= Larry F. Hodges =

American computer scientist

Larry Franklin Hodges (born 1958), is an American computer scientist and theologian, best known for his work in computer graphics and virtual reality therapy.

== Education and personal life ==

Larry Franklin Hodges was born in 1958 in North Carolina. Hodges attended North Stanly High School, where he played the trumpet, and graduated with the class of 1976. Initially, Hodges was interested in becoming a musician, but he later found a passion for computer science. After graduating, Hodges enrolled in Elon University, and subsequently earned his Bachelor of Arts in Physics and Mathematics. After earning his Bachelor's, Hodges enrolled in Lancaster Theological Seminary, earning his Master of Arts in Religious Studies. Hodges then enrolled in North Carolina State University and earned his Master's Degree in Computer Science in 1982, then his doctorate in 1988.

==Career==
In 1993, Hodges organized team a of clinicians and computer scientists to investigate the effectiveness of virtual reality as a treatment for various phobias. In 1995, this team published the seminal paper Effectiveness of computer-generated (virtual reality) graded exposure in the treatment of acrophobia in the American Journal of Psychiatry. The paper was the first published report of a controlled study on the use of virtual reality (VR) for psychotherapy in the psychiatric literature and received widespread media attention, including an announcement of the paper’s results on CBS Evening News the day the journal article was released and follow-up stories in a number of venues, including Scientific American Frontiers, CNN, Dateline NBC, Good Morning America, US News & World Report, MIT Technology Review, Discover, and the New York Times. Following that paper, Hodges continued to publish papers regarding VR therapy.

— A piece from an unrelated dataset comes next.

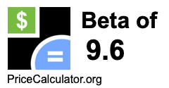 Below is our 9.6 beta calculator. It can estimate how the price of a stock with a beta of 9.6 will change based on how the market changes. To use this calculator, enter the current price of a stock with a beta of 9.6 and the percentage change of the market.

In 1996, Hodges founded Virtually Better, Inc., with his research colleague Barbara Rothbaum of Emory University. Virtually Better is a company that creates virtual reality software designed to treat patients with mental issues such as phobias or traumas.

Later, in 2006, Hodges was awarded the IEEE Virtual Reality Career Award for his contributions to the field. In 2007, Hodges was also awarded the Georgia Tech GVU Impact Award for his contributions. Since 2021, Hodges has worked at the North Carolina School of Science and Mathematics as an instructor of Computer Science, a department he chaired until January 2025.